A common mistake is to mis-identify a forecasting problem as supervised regression - after all, in both we predict numbers, so surely this must be the same thing?

Indeed we predict numbers in both, but the set-up is different:

In supervised regression, we predict label/target variables from feature variables, in a cross-sectional set-up. This is after training on label/feature examples.
In forecasting, we predict future values from past values, of the same variable, in a temporal/sequential set-up. This is after training on the past.

In the common data frame representation:

In supervised regression, we predict entries in a column from other columns. For this, we mainly make use of the statistical relation between those columns, learnt from examples of complete rows. The rows are all assumed exchangeable.
In forecasting, we predict new rows, assuming temporal ordering in the rows. For this, we mainly make use of the statistical relation between previous and subsequent rows, learnt from the example of the observed sequence of rows. The rows are not exchangeable, but in temporal sequence.

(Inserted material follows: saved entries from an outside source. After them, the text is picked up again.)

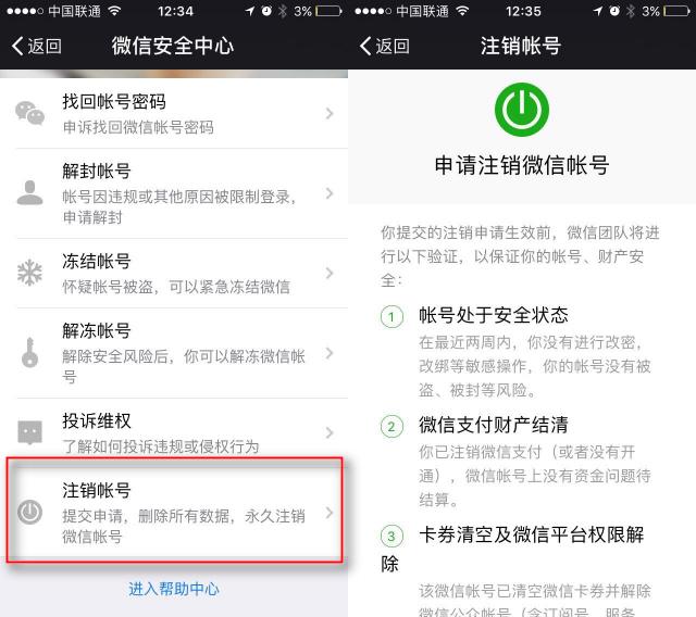 操作步骤:启动微信后进入“我”,随后依次选择“设置”-“帐号与安全”-“微信安全中心”,现在你就可在底部看到“注销帐号”了,直接点击开始你的帐号注销之旅吧,哈哈! 注销帐号有4大前提:1、账号处于安全状态;2、微信支付财产结清;3、卡券清空及微信平台权限解除;4、其他app、网站的账号解绑。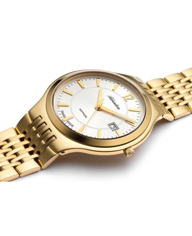 Мужские швейцарские наручные часы Adriatica Premiere A8296.1153Q, кварцевый механизм с высокой точностью. Сапфировое стеклоСапфировое стеклоПрочный и надёжный материал из кристалла сапфира синтетического происхождения, характеризующийся особой твёрдостью и устойчивостью к царапинам и повреждениям. устойчивое к появлению царапин, обладающее высокой прозрачностью защищает серебристый циферблат, на котором расположилось окошко даты в районе 3 часа, а также метки в виде штрихов и арабская цифра 12. Корпус часов изготовлен из стали с PVD-покрытиемPVDУльтратонкое покрытие наносится в технике вакуумного напыления, сочетает в себе нитрид титана особой прочности со слоем золота или оксида хрома. Несёт в себе декоративную или защитную функцию.. Стальной браслет на раскладной застёжкеРаскладная застёжкаТакой тип застёжки используется только на браслетах из металла. Она никогда не раскрывается полностью, происходит разделение на 2 и более частей. Раскладывающая застёжка снизит вероятность потери часов к минимуму. с PVD-покрытиемPVDУльтратонкое покрытие наносится в технике вакуумного напыления, сочетает в себе нитрид титана особой прочности со слоем золота или оксида хрома. Несёт в себе декоративную или защитную функцию.. Надежный кварцевый механизм с калибром ETA F06 гарантирует точность времени, а водозащита 50 метров, позволит плавать, что позволит защитить корпус от случайных брызг или капель дождя.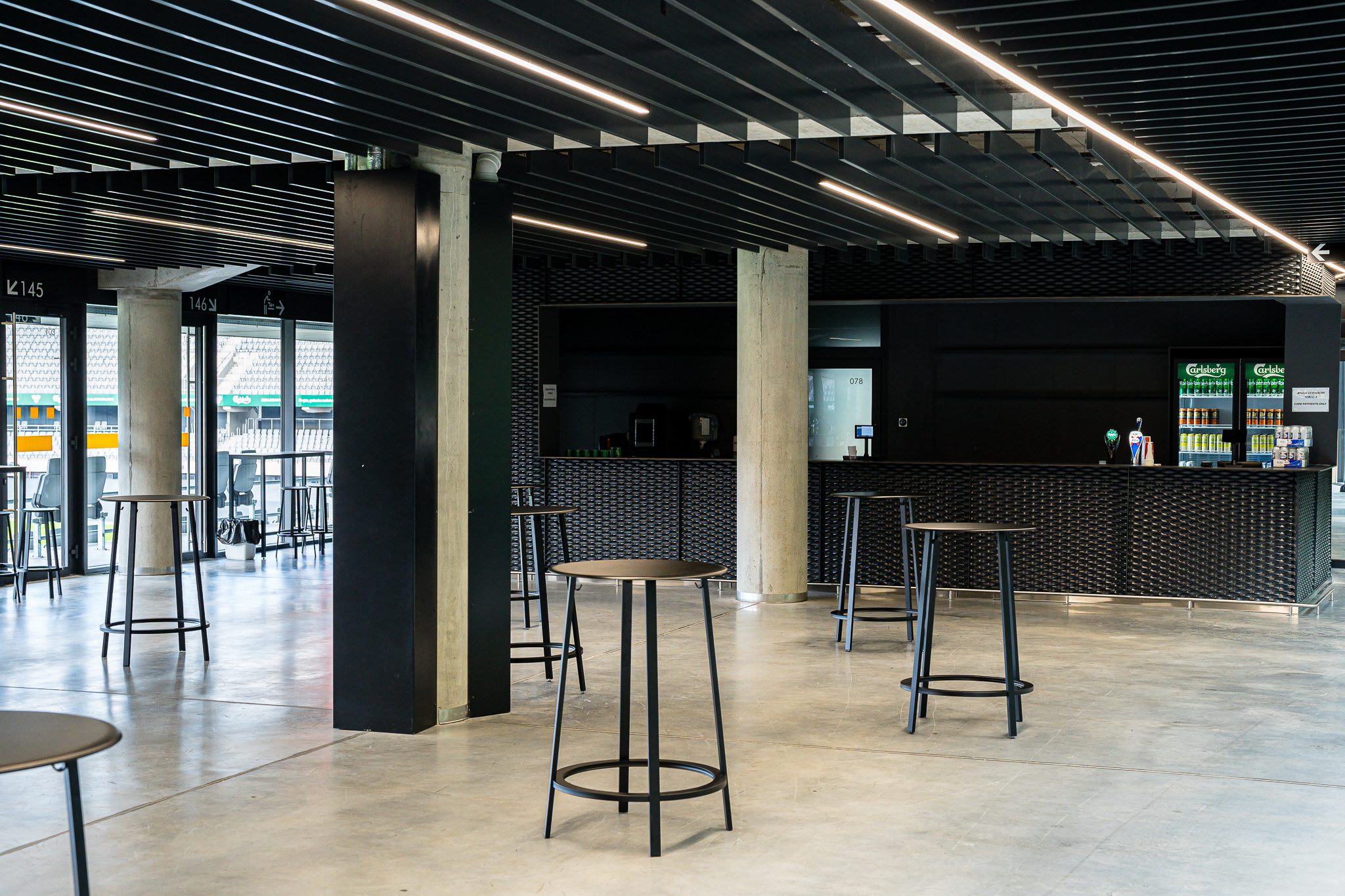 An office space of 140,25 m2 with a separate entrance and a sanitary unit. The office space comes with 3 parking spots in the stadium’s parking lot.
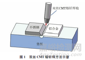 焊接用母材為5083-H111鋁合金板和固溶態(tài)304不銹鋼板,尺寸均為3.00mm×100mm×60mm。在母材單面開“V”形坡口,坡面角度為45°,根部間隙為1mm。焊前用鋼絲刷和砂紙去除表面氧化膜,然后用丙酮擦拭。將粒徑小于75μm、純度為99.99%的鋁粉與Nocolok釬劑按質(zhì)量比4∶6混合,然后加入少量丙酮調(diào)成糊狀,再加入顆粒直徑為1mm左右的分析純酒石酸鉀鈉,最后將混合釬劑刷在待焊不銹鋼板坡口面,厚度為0.2~0.5mm,置于無風(fēng)室內(nèi)晾干。焊接時(shí)所用的焊絲為直徑1.2mm的ER4043(AlSi5)鋁硅焊絲。

Pitfall 1: over-optimism in performance evaluation, false confidence in “broken” forecasters¶

Confusing the two tasks may lead to information leakage, and over-optimistic performance evaluation. This is because in supervised regression the ordering of rows does not matter, and train/test split is usually performed uniformly. In forecasting, the ordering does matter, both in training and in evaluation.

As subtle as it seems, this may have major practical consequences - since it can lead to the mistaken belief that a “broken” method is performant, which can cause damage to health, property, and other assets in real-life deployment.

The example below shows “problematic” performance estimation, when mistakenly using the regression evaluation workflow for forecasting.

[2]:

from sklearn.model_selection import train_test_split

from aeon.datasets import load_airline
from aeon.forecasting.model_selection import temporal_train_test_split
from aeon.visualisation import plot_series

[3]:

y = load_airline()

[4]:

y_train, y_test = train_test_split(y)
plot_series(y_train.sort_index(), y_test.sort_index(), labels=["y_train", "y_test"]);

../../_images/examples_forecasting_forecasting_sklearn_6_0.png

This leads to leakage:

The data you are using to train a machine learning algorithm happens to have the information you are trying to predict.

But train_test_split(y, shuffle=False) works, which is what temporal_train_test_split(y) does in aeon:

[5]:

y_train, y_test = temporal_train_test_split(y)
plot_series(y_train, y_test, labels=["y_train", "y_test"]);

../../_images/examples_forecasting_forecasting_sklearn_8_0.png

Pitfall 2: obscure data manipulations, brittle boilerplate code to apply regressors¶

It is common practice to apply supervised regressors after transforming the data for forecasting, through lagging - for example, in autoregressive reduction strategies.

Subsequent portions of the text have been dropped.